Os três fizeram a encenação perfeitamente. Se ajoelharam em frente ao menino como se ele fosse um deus. Entregaram os presentes aos pais reforçando a idéia de divindade. Antes de sair Satã, que representava Gaspar, caminhou em direção à manjedoura. Os outros dois ficaram com medo do que ele fizesse. Ele se aproximou e viu o menino . Afagou a testa do bebê e então saiu junto com os outros.
Tomaram uma boa distância do estábulo e retornaram às suas formas originais. Satã sorria de satisfação com o olhar reprovador de Samael.
— Demônio ardiloso! – gritou Samael – o que pensas que fez?
— Vocês pensaram em tudo. Ou quase tudo. Eu coloquei um pouco de loucura em sua mente. De que adiantaria todos acharem que ele é o Messias e ele próprio não acreditar no fato? Ele achará que é o Eterno na Terra. Um deus com corpo entre os homens.
Os dois ficaram em silêncio pensando. Apesar de cruel, Satã estava certo. Sem mais nada dizer Samael bateu suas asas e voltou para o céu. Os outros dois olharem ele ir embora. Lúcifer ainda tinha muitas dúvidas.

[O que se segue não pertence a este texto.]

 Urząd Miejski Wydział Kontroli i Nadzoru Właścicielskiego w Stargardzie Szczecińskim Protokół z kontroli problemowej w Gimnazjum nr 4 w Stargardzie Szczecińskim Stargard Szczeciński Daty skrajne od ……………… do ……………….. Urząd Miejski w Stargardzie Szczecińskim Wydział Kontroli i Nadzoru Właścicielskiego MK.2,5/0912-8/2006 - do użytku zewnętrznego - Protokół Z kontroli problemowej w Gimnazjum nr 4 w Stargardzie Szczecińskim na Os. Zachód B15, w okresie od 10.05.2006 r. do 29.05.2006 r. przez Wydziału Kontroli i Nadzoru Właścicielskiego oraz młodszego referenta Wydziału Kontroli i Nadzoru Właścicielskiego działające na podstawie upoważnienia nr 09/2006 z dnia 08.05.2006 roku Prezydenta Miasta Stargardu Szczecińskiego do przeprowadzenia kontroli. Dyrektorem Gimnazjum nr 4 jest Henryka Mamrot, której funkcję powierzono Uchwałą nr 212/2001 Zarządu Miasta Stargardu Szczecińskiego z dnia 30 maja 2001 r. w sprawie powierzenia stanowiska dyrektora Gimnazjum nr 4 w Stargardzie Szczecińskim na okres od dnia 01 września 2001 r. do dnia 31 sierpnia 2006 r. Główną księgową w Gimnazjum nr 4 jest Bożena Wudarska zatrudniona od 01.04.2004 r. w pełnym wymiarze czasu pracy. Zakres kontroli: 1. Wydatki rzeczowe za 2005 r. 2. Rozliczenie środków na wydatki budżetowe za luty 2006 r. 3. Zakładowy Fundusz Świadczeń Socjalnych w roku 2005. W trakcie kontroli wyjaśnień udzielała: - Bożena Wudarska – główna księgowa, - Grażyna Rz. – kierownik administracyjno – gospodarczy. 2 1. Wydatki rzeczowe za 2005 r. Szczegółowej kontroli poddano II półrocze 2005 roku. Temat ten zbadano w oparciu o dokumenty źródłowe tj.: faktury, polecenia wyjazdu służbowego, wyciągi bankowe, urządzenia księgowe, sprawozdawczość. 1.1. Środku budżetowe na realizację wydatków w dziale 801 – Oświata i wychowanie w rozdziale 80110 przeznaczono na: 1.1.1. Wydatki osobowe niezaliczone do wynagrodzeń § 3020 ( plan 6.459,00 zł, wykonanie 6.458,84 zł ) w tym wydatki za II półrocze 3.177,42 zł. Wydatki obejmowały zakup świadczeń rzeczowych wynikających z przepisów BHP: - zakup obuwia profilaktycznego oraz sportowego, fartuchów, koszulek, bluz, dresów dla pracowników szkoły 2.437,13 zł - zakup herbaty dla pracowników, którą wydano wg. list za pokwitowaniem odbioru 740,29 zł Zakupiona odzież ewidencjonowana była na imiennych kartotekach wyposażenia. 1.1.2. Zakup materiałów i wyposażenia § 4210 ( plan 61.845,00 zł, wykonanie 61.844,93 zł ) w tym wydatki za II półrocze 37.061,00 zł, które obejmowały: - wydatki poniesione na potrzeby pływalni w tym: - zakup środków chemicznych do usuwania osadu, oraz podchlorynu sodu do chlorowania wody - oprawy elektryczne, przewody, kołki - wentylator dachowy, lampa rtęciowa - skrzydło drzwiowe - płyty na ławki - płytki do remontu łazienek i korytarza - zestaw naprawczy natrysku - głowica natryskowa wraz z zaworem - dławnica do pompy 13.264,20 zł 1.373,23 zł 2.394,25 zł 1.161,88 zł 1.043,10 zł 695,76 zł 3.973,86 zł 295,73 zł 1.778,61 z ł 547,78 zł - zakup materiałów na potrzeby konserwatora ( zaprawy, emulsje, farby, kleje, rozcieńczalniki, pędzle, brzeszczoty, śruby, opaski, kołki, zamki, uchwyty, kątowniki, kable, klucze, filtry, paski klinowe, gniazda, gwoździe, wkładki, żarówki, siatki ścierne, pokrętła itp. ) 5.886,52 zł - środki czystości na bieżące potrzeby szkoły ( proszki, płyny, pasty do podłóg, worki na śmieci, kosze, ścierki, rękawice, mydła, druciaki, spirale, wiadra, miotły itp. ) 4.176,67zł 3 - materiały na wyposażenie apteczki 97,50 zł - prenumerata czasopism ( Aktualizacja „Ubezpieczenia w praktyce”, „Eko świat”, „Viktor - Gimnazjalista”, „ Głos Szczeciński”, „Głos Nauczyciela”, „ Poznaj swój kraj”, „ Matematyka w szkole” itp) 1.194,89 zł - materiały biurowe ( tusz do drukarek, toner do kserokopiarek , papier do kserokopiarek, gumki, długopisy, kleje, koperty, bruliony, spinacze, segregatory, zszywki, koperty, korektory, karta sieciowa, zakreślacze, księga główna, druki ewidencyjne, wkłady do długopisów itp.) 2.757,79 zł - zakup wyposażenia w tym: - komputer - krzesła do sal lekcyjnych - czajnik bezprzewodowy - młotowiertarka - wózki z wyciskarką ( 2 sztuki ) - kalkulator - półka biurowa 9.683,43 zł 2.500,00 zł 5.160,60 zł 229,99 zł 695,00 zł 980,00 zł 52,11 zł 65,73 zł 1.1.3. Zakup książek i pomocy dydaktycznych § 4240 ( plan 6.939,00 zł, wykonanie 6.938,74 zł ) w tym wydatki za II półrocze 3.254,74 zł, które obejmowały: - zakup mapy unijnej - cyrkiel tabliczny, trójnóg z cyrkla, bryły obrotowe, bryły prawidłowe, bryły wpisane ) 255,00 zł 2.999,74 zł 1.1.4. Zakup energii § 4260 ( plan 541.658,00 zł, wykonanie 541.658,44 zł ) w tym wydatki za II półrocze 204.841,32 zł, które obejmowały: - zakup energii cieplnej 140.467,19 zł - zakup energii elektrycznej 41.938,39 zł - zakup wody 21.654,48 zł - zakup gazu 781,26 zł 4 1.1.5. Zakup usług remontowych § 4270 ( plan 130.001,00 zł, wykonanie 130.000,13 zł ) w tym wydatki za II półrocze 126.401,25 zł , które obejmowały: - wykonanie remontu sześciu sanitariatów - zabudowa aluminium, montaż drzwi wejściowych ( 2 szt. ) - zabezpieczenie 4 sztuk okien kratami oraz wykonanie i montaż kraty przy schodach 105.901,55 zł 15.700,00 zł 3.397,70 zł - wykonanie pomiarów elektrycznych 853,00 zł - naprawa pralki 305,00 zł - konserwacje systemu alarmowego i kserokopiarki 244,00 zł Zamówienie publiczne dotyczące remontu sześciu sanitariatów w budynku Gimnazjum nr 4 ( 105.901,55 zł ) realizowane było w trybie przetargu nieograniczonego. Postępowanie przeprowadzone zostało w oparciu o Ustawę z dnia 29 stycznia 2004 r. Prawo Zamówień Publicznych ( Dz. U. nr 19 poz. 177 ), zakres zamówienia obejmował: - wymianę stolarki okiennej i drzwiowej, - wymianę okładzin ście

— Diga-me Shai'tan – começou Lúcifer –, vemos Samael voltando para ficar ao lado do Eterno. Fizemos tudo isso sem aprovação Dele. Sabemos de sua Onisciência, Onipotência e Onipresença. Ele sabia o que faríamos, Ele estava lá e Ele poderia ter nos parado. Mas não o fez. Por quê?
— Você já pensou no porque você existe Helel ben-Sachar? Se você existe é porque Ele quer. Veja Samael. Um anjo com a obrigação de tentar o homem. Talvez o que fizemos hoje não seja um mal para a humanidade. O mal seria a humanidade acreditar no que fizemos. Creio que nós realizamos o desígnio Dele. Um teste de fé para os judeus e o restante do povo.

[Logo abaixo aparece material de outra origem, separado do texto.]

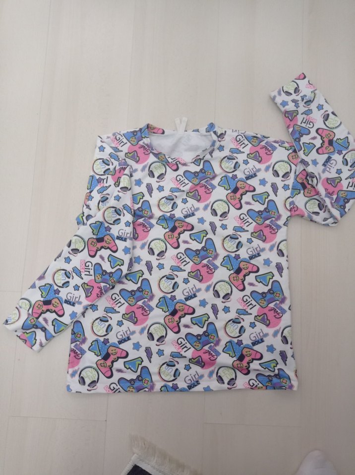 Sentetik kumaştan, bol kesim, crew neck, uzun kollu kız sweatshirt. Pastel çok renkli desenli ve düğme detaylı. Trendy casual sokak stili için uygun.

Os dois vagaram a esmo por Belém em silêncio. Por fim voltaram para o inferno. Lúcifer acompanhou o menino crescer e enxergou todos os erros deles. O anjo caído sentiu a mão de Satã conduzindo os apóstolos e ajudando a criar o “Novo Testamento”. Muitas vezes Lúcifer pensou em impedir a mentira, mas seria tarde demais. Os planos arquitetados pelos três saíram melhor do que o previsto.
Dizem os demônios que ao passarem pelo trono de Lúcifer nas noites de Natal é possível ouvir o seu choro de arrependimento.